Task details - All that is wanted is the exact text of the lines below from the one with "English 5 pesetas." through the one with "Uhr (h = 20,3°) |", inclusive, minus any pictures.

Dataset -
-- Opening Marker --

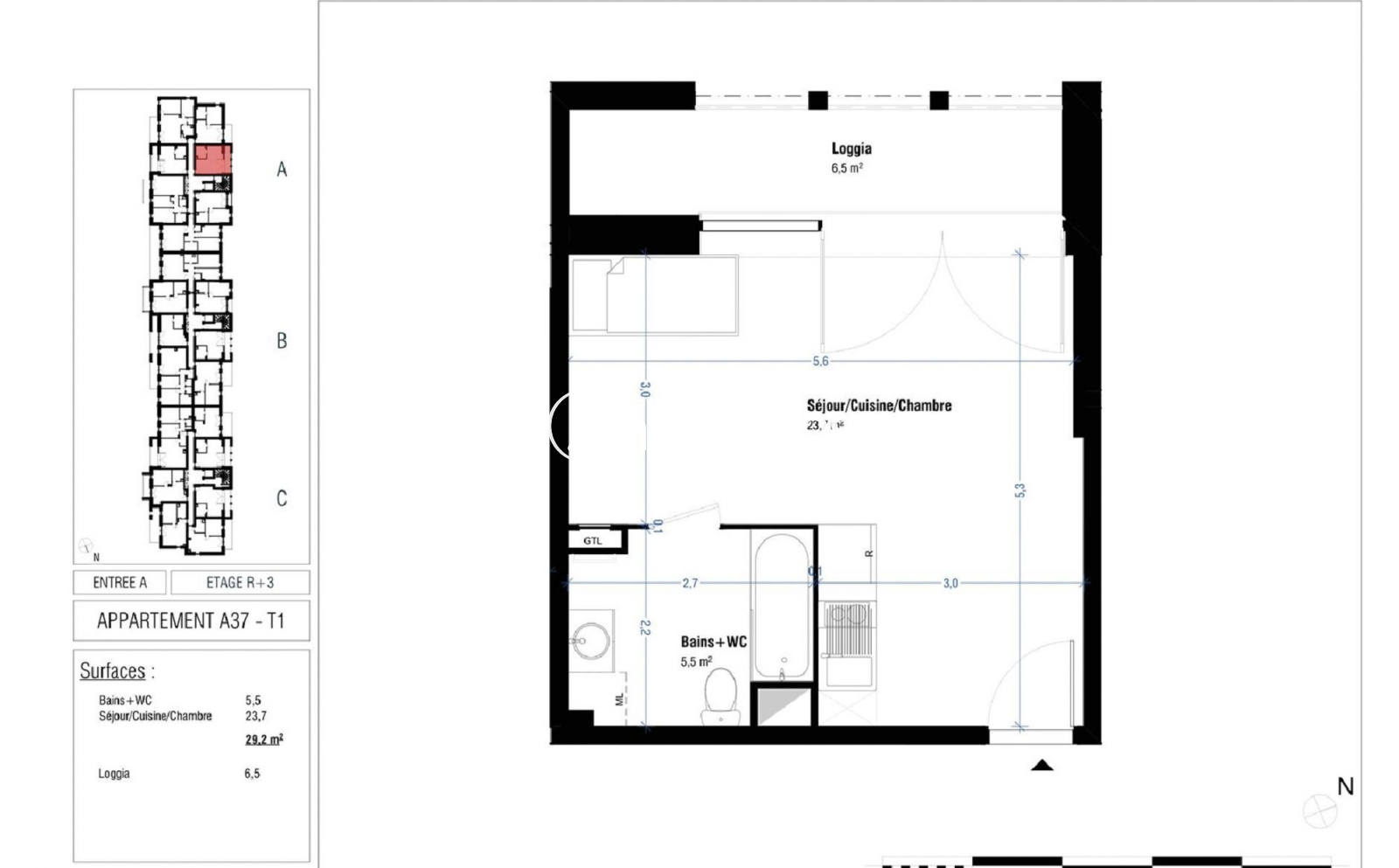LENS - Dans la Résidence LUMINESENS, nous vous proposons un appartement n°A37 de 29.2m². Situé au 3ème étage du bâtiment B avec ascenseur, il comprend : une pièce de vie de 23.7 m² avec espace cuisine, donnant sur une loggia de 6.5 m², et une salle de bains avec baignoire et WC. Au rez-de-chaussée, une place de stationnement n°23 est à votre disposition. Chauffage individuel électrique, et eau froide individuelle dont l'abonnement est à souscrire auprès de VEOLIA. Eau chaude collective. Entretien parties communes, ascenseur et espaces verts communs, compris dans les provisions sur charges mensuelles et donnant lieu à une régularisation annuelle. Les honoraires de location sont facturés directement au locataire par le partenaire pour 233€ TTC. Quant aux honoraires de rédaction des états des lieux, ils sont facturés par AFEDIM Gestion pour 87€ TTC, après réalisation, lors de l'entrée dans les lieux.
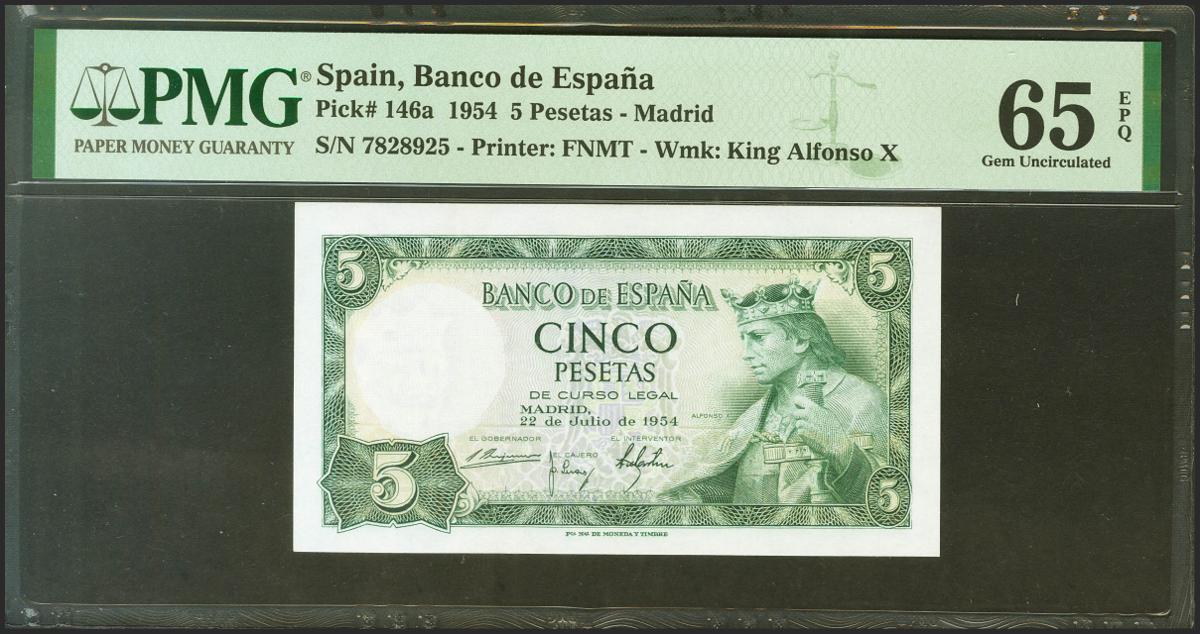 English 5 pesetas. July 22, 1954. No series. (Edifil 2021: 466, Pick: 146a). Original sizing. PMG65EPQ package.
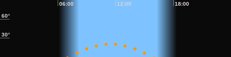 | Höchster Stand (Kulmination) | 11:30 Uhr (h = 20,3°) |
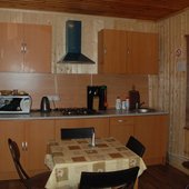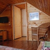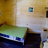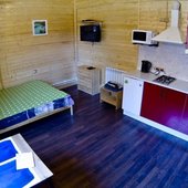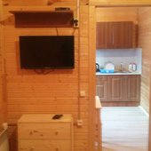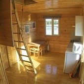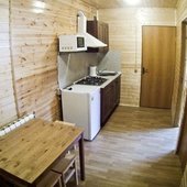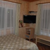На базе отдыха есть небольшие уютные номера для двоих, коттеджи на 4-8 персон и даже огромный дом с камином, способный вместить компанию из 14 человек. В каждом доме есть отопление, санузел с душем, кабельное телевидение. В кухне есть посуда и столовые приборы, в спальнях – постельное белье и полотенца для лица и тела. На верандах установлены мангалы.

-- Closing Marker --
-- Opening Marker --

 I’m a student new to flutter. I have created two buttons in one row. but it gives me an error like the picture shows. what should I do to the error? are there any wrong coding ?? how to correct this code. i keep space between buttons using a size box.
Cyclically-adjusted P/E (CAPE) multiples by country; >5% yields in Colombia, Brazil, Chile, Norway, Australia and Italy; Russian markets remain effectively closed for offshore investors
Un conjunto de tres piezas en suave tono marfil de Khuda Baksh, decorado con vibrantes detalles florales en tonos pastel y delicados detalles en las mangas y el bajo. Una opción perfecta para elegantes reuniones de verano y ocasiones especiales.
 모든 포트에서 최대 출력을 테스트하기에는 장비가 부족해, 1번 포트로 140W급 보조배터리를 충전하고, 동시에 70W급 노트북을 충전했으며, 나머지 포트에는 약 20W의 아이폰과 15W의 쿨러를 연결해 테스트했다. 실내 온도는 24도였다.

-- Closing Marker --

Completed exercise -
 English 5 pesetas. July 22, 1954. No series. (Edifil 2021: 466, Pick: 146a). Original sizing. PMG65EPQ package.
 | Höchster Stand (Kulmination) | 11:30 Uhr (h = 20,3°) |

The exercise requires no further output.